(RECORDS SHOWN begins)

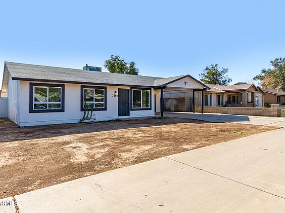 MOVE IN READY remodeled home in an excellent phoenix location. 3-bedroom 2 bath with fully redone interior boasts LVP flooring, vaulted ceilings, fresh soft paint, ceiling fans, plush carpets in the bedrooms, and an inviting living room ideal for receiving guests. Desirable great room has sliding glass doors leading to the back patio. Upscale kitchen with recessed lighting, stainless steel appliances, white shaker cabinetry, quartz countertops with waterfall, and a breakfast bar. The main bedroom provides a private bathroom with a private shower. Outside, the sizable backyard boasts a covered patio, a storage shed, and plenty of space to create your dream oasis. Conveniently located near restaurants, shopping centers, multiple schools, parks, and entertainment
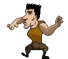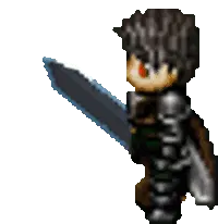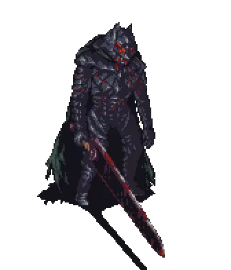A pixelated Guts Berserk rat-like monster, muscular and bipedal, runs aggressively with a small blade in its hand.
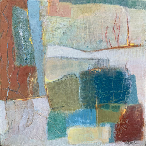 Sandra Koberlein, A Brighter Day I, encaustic, oil stick, collage on birch panel, 12" x 12"
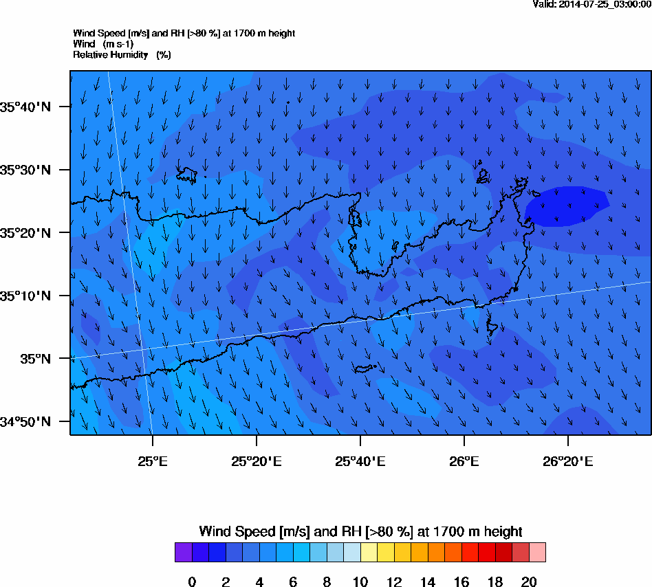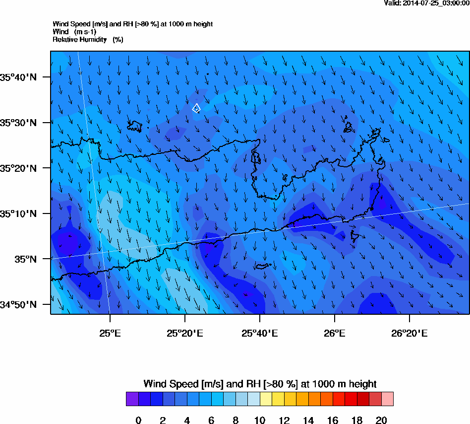Graph 3: arw003.png - Wind Speed [m/s] and RH [>80%] at 1000 m height
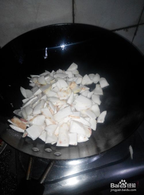 放入少许的油,热了后把芋头倒入翻炒。
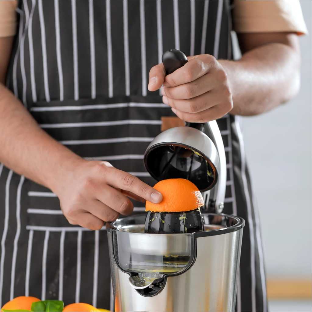 Key Features: STAINLESS STEEL HOUSING: The juicer has a deluxe stainless steel body, a stainless steel pouring spout, and a stainless steel sieve that allows you to extract juices with ease. 2 CONES: This juicer comes with 2 changeable cones: a big and a small, ideal for large and small citrus fruits. The juices are then easily collected into the containers or directly into a glass through the practical spout opening. ANTI-DRIP FUNCTION: The anti-drip function prevents any spills on the citrus juicer and kitchen, so you do not need to clean after working with this electric lemon squeezer. ALUMINUM DIE-CAST HANDLE: Crafted from an aluminum die-cast handle with a stainless-steel housing, this modern and stylish kitchen appliance will suit any kitchen. With the 300W motor power, you’ll be able to create delicious, summery flavors quickly and with much less effort than manual juicing. DETACHABLE PARTS: This device is very easy to assemble and take apart, so cleaning it is effortless and quick. Quiet and super-efficient.
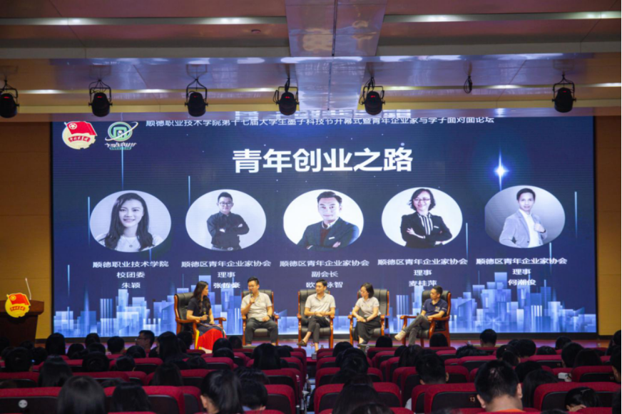 11月4日,永利官网在李佘少鸿楼六号报告厅举办了第十七届大学生墨子科技节开幕式暨青年企业家与学子面对面论坛。学校党委书记李先祥,共青团顺德区委副书记曾浩宇,顺德青年企业家(青商)协会副会长吴锦荣、欧阳咏智,学校党委宣传部、学生工作部、校团委、科技处、校友会基金会、顺大公司等部门负责人,各二级学院党总支书记、团委书记,以及来自顺德区青企协的青年企业家们和现场学生共约300人参加本次活动。
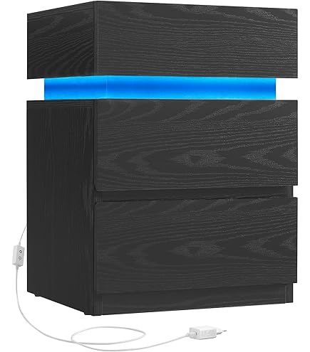 Moderne Nachttische mit allem Drum und Dran! Dieses 2er-Set in Schwarz hat integrierte Steckdosen (2x AC, 2x USB) - perfekt zum Handy laden. Mit coolen LED-Lichtern in 16 Farben, steuerbar per Fernbedienung. Jeder Nachttisch ist 40x35x65cm groß mit 2 Schubladen und offenem Stauraum. Aus hochwertiger Spanplatte - stabil und langlebig. Die Schubladen laufen super smooth auf 3-fach Schienen. In 30 Minuten aufgebaut und schon hast du stylische Nachttische mit praktischen Features!

(RECORDS SHOWN ends)

TASK INSTRUCTIONS.
Retype each line of the data exactly, beginning with the first; include the line containing "放入少许的油,热了后把芋头倒入翻炒。" and stop there, skipping every picture.

WRITTEN SOLUTION.
 MOVE IN READY remodeled home in an excellent phoenix location. 3-bedroom 2 bath with fully redone interior boasts LVP flooring, vaulted ceilings, fresh soft paint, ceiling fans, plush carpets in the bedrooms, and an inviting living room ideal for receiving guests. Desirable great room has sliding glass doors leading to the back patio. Upscale kitchen with recessed lighting, stainless steel appliances, white shaker cabinetry, quartz countertops with waterfall, and a breakfast bar. The main bedroom provides a private bathroom with a private shower. Outside, the sizable backyard boasts a covered patio, a storage shed, and plenty of space to create your dream oasis. Conveniently located near restaurants, shopping centers, multiple schools, parks, and entertainment
A pixelated Guts Berserk rat-like monster, muscular and bipedal, runs aggressively with a small blade in its hand.
 Sandra Koberlein, A Brighter Day I, encaustic, oil stick, collage on birch panel, 12" x 12"
Graph 3: arw003.png - Wind Speed [m/s] and RH [>80%] at 1000 m height
 放入少许的油,热了后把芋头倒入翻炒。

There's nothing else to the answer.